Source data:

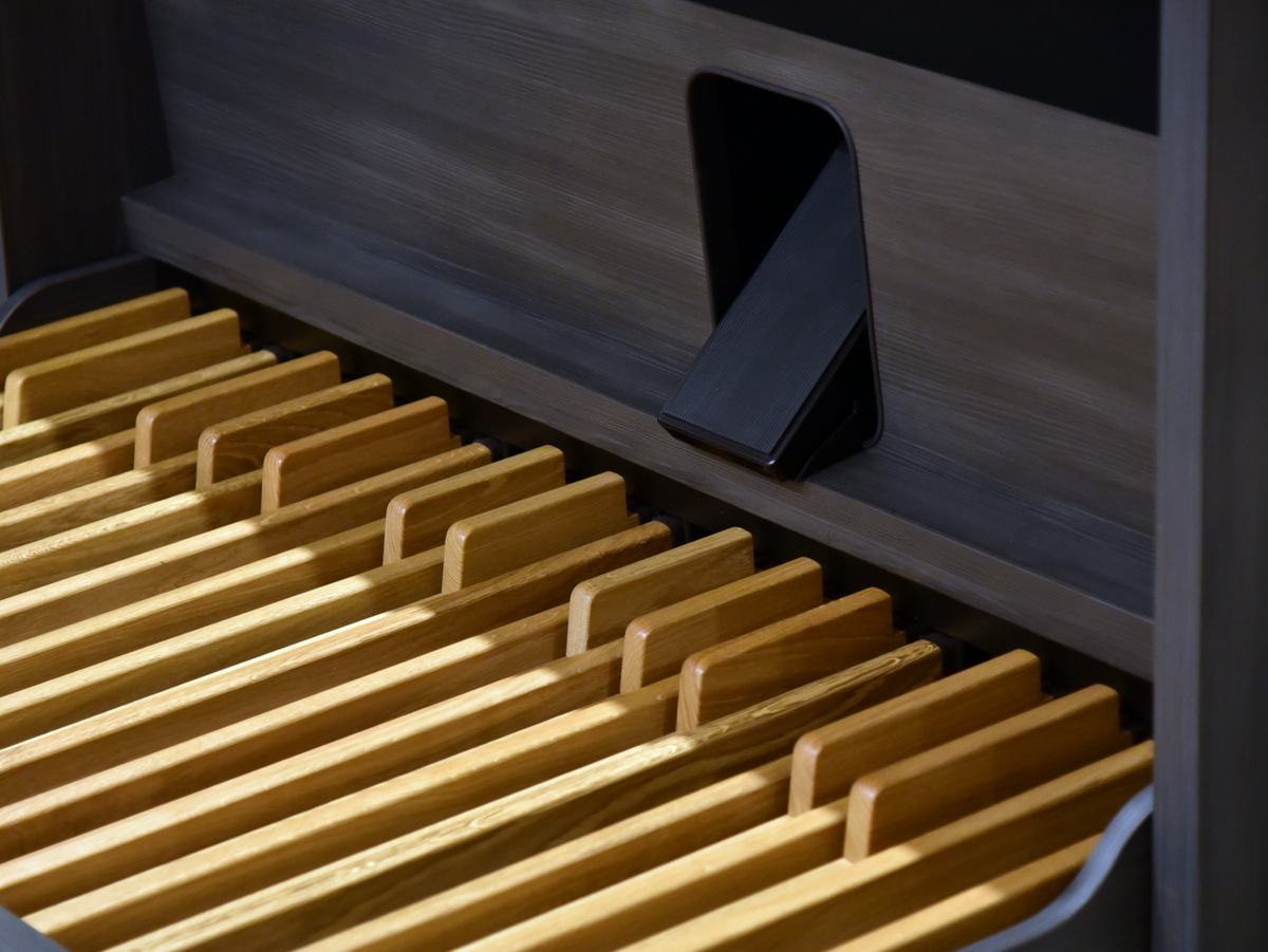 Dit instrument beschikt over 12 verschillende nagalmprogramma’s en maar liefst 4 verschillende orgelstijlen. Waan jezelf in een kerk of kathedraal met het hoge meubel en de verlichte trekregisters terwijl u in werkelijkheid in uw eigen, vertrouwde huiskamer zit.
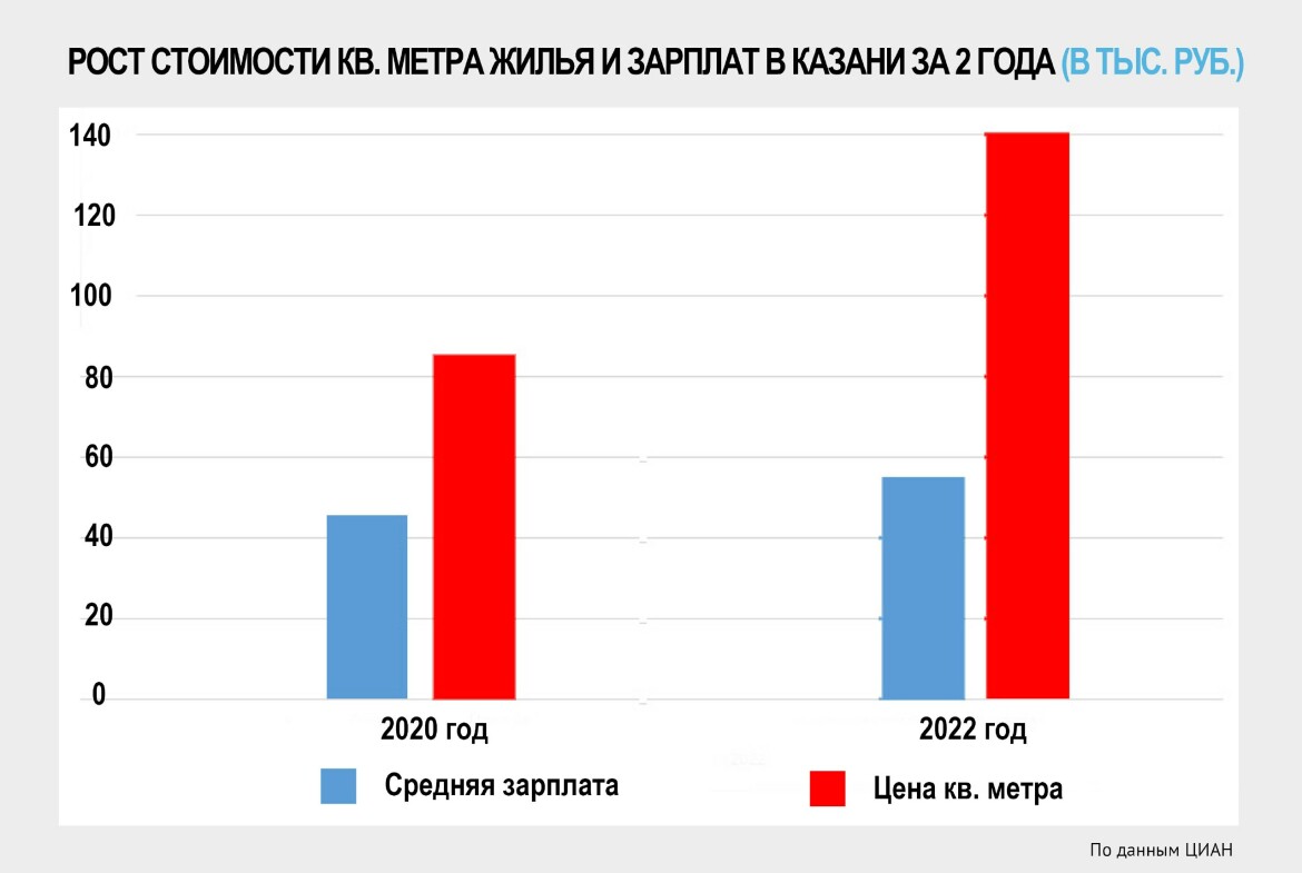 А теперь более подробно рассмотрим, как изменилась доступность жилья для казанцев. Если брать усредненные данные «ЦИАН», в 2020 году житель Казани зарабатывал 45,6 тыс. рублей, а «однушка» площадью 40 кв. м стоила 3,4 млн рублей.
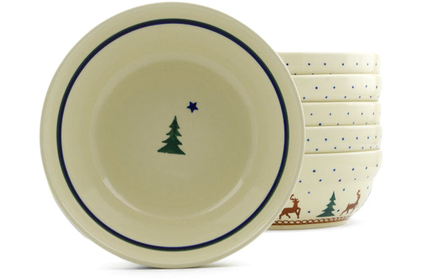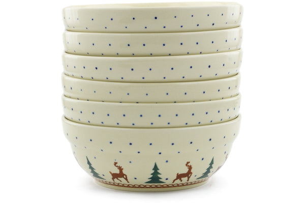 This Reindeer Pines Set of 6 Bowls was handmade and hand decorated in Boleslawiec, Poland by skilled artisans according to old traditional methods. This Polish stoneware is microwave, dishwasher, freezer, and oven safe up to 480°F. It does not contain lead or cadmium. It is part of the Reindeer Pines Collection.
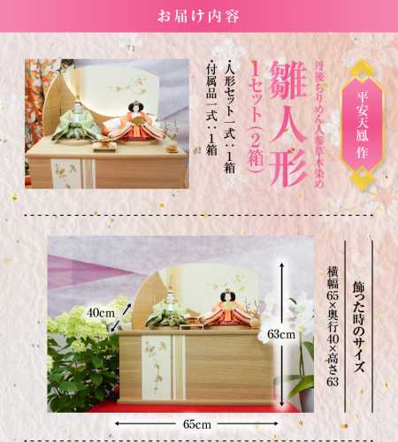 【収納飾りセット“山科”】人形作り40年 “平安天鳳”作 丹後ちりめん 人参草木染め 手作り ひな祭り 木製 今どき かわいい おしゃれ モダン 碧南 にんじん 人参 H067-153
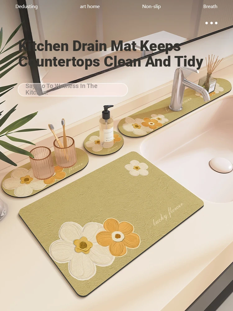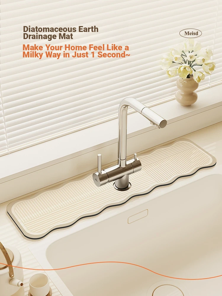 Meisida Kitchen Drain Mat - Quick-Dry, Absorbent Sink Mat for Faucets and Countertops, Easy to Clean, Splash-Proof Design for a Neat and Dry Kitchen Space
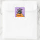 Petit autocollant carré montré dans un chatte noir et imprimé chauve-souris d'Halloween. Customiser cet objet ou acheter tel quel. Image du stock freepik.com
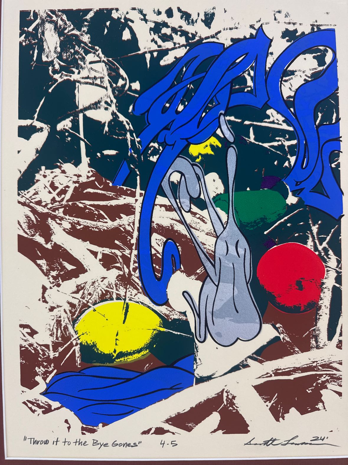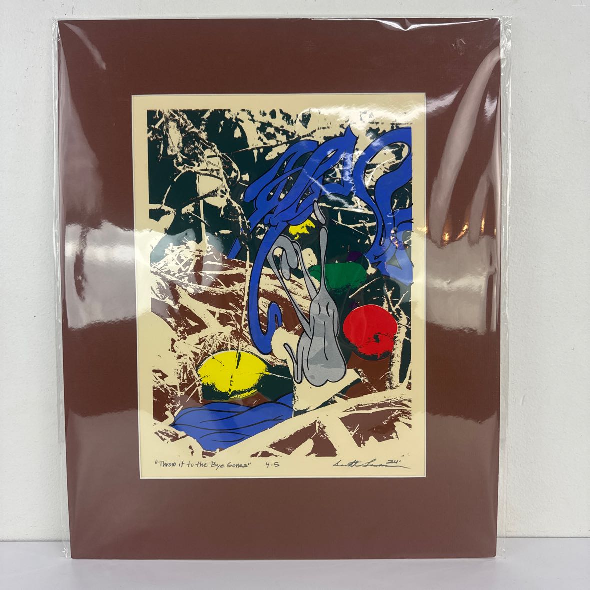 Throw it to the Bye Gones (matted) | Signed & numbered 4/5 limited edition serigraph screen print by Midland, Texas artist Scott Lunson. Comes in a plastic sleeve with backing board on textured art paper. Art measures 10.5"x 14". Contact for shipping.
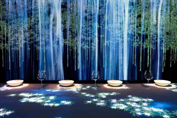 MoonFlower Sagaya Ginza Art by teamLab 每天只能容纳8位客人,一次会呈上12道不同的菜肴。菜单会根据日本四季的风格进行更新,例如:春日樱花,夏之莲花,秋之红叶,冬季山茶……每道菜肴上桌后,桌面和背景墙上会随之展现自然美景。不仅如此,投影的图像还会受到餐盘大小和餐者行为的影响。

> **Task description**
Omit every image. Quote each record exactly.

> **Completed exercise**
 Dit instrument beschikt over 12 verschillende nagalmprogramma’s en maar liefst 4 verschillende orgelstijlen. Waan jezelf in een kerk of kathedraal met het hoge meubel en de verlichte trekregisters terwijl u in werkelijkheid in uw eigen, vertrouwde huiskamer zit.
 А теперь более подробно рассмотрим, как изменилась доступность жилья для казанцев. Если брать усредненные данные «ЦИАН», в 2020 году житель Казани зарабатывал 45,6 тыс. рублей, а «однушка» площадью 40 кв. м стоила 3,4 млн рублей.
 This Reindeer Pines Set of 6 Bowls was handmade and hand decorated in Boleslawiec, Poland by skilled artisans according to old traditional methods. This Polish stoneware is microwave, dishwasher, freezer, and oven safe up to 480°F. It does not contain lead or cadmium. It is part of the Reindeer Pines Collection.
 【収納飾りセット“山科”】人形作り40年 “平安天鳳”作 丹後ちりめん 人参草木染め 手作り ひな祭り 木製 今どき かわいい おしゃれ モダン 碧南 にんじん 人参 H067-153
 Meisida Kitchen Drain Mat - Quick-Dry, Absorbent Sink Mat for Faucets and Countertops, Easy to Clean, Splash-Proof Design for a Neat and Dry Kitchen Space
 Petit autocollant carré montré dans un chatte noir et imprimé chauve-souris d'Halloween. Customiser cet objet ou acheter tel quel. Image du stock freepik.com
 Throw it to the Bye Gones (matted) | Signed & numbered 4/5 limited edition serigraph screen print by Midland, Texas artist Scott Lunson. Comes in a plastic sleeve with backing board on textured art paper. Art measures 10.5"x 14". Contact for shipping.
 MoonFlower Sagaya Ginza Art by teamLab 每天只能容纳8位客人,一次会呈上12道不同的菜肴。菜单会根据日本四季的风格进行更新,例如:春日樱花,夏之莲花,秋之红叶,冬季山茶……每道菜肴上桌后,桌面和背景墙上会随之展现自然美景。不仅如此,投影的图像还会受到餐盘大小和餐者行为的影响。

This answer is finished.